--- START ---

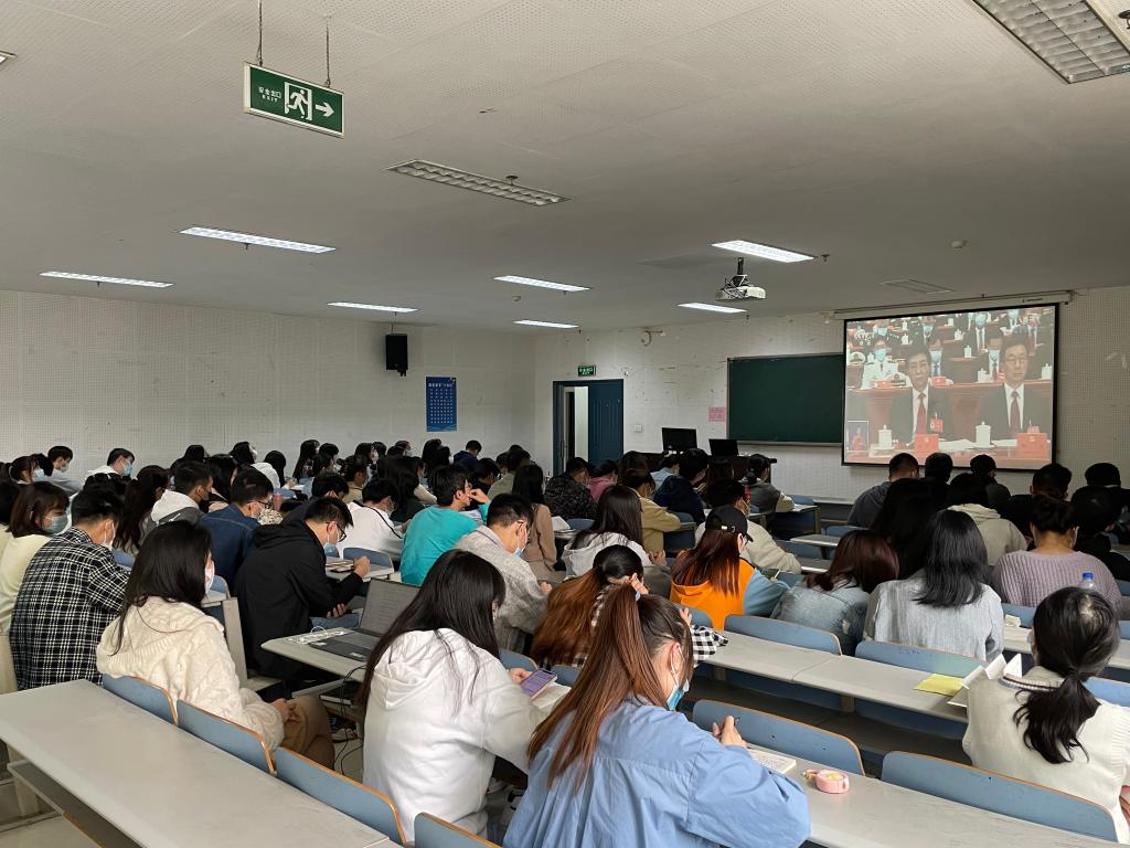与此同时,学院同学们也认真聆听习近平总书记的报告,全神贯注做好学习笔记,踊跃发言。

--- END ---
--- START ---

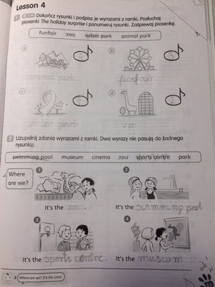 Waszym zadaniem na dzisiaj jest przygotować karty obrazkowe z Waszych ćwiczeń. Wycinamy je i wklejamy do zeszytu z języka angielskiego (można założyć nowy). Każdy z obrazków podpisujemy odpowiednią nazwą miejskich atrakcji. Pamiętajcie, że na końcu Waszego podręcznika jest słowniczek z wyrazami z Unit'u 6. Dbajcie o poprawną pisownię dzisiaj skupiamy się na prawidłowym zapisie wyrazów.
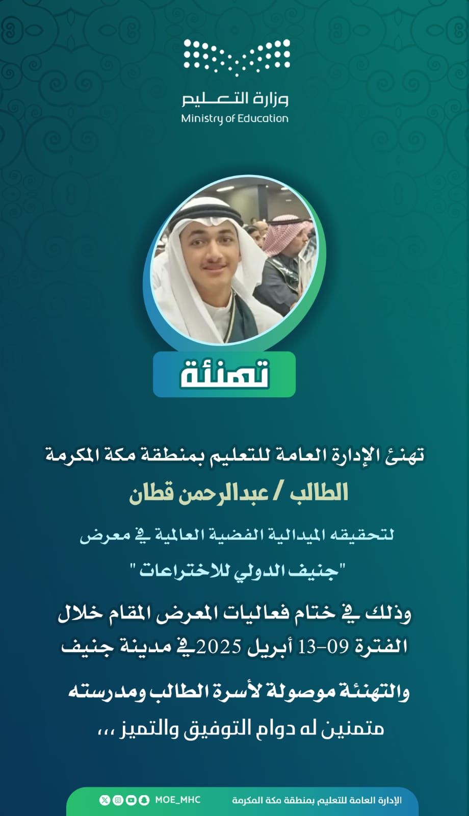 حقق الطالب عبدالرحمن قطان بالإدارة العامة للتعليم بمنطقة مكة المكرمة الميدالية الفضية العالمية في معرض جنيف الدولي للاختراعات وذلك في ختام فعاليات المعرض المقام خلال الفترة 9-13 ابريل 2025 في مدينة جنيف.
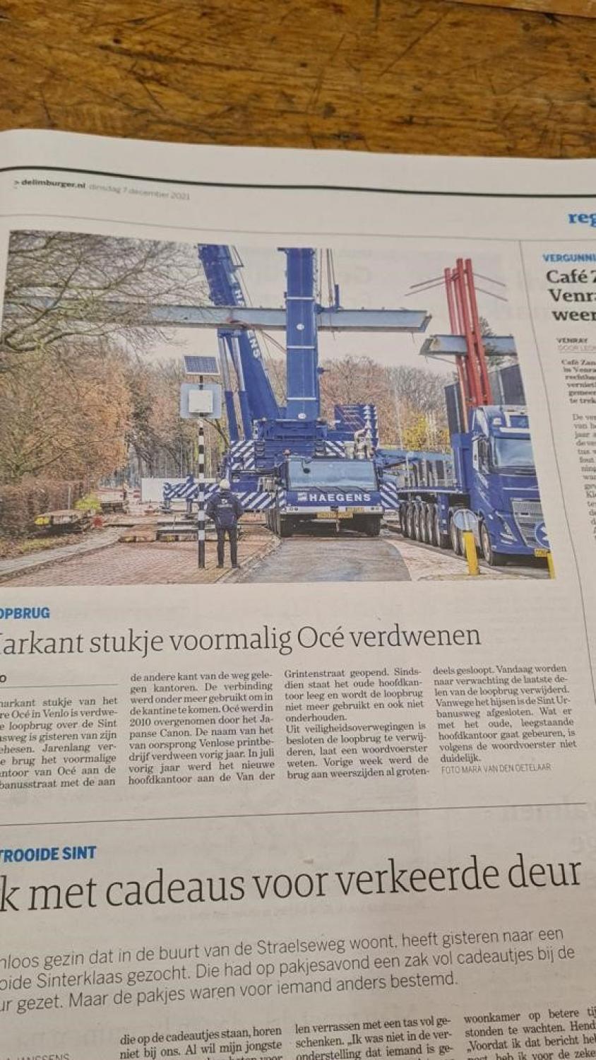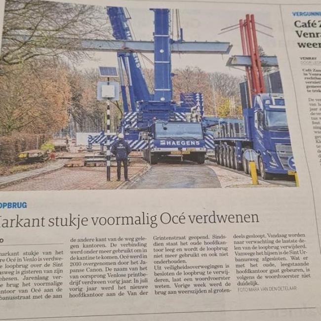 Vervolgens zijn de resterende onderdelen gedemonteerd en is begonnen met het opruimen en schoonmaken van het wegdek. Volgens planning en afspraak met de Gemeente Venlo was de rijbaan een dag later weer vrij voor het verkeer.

--- END ---
--- START ---

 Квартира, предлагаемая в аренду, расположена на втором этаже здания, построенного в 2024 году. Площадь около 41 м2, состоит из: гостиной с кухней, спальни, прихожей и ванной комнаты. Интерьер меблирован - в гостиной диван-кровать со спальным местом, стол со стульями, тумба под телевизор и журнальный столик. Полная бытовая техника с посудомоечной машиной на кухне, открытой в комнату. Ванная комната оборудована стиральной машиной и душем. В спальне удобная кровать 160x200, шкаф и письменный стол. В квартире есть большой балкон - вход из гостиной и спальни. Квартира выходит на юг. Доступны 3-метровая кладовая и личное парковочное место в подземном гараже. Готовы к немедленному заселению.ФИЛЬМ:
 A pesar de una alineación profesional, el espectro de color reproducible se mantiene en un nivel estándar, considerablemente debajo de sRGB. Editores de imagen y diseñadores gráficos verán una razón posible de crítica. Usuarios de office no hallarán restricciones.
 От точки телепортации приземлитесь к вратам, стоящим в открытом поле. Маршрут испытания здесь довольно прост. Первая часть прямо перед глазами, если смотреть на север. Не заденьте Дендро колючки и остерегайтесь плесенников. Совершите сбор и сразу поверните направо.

--- END ---

WHAT YOU HAVE TO DO:
Output exactly the lines of the material above from the one containing "A pesar de una" up to and including the one containing "От точки телепортации".

OUTPUT FOR THIS TASK:
 A pesar de una alineación profesional, el espectro de color reproducible se mantiene en un nivel estándar, considerablemente debajo de sRGB. Editores de imagen y diseñadores gráficos verán una razón posible de crítica. Usuarios de office no hallarán restricciones.
 От точки телепортации приземлитесь к вратам, стоящим в открытом поле. Маршрут испытания здесь довольно прост. Первая часть прямо перед глазами, если смотреть на север. Не заденьте Дендро колючки и остерегайтесь плесенников. Совершите сбор и сразу поверните направо.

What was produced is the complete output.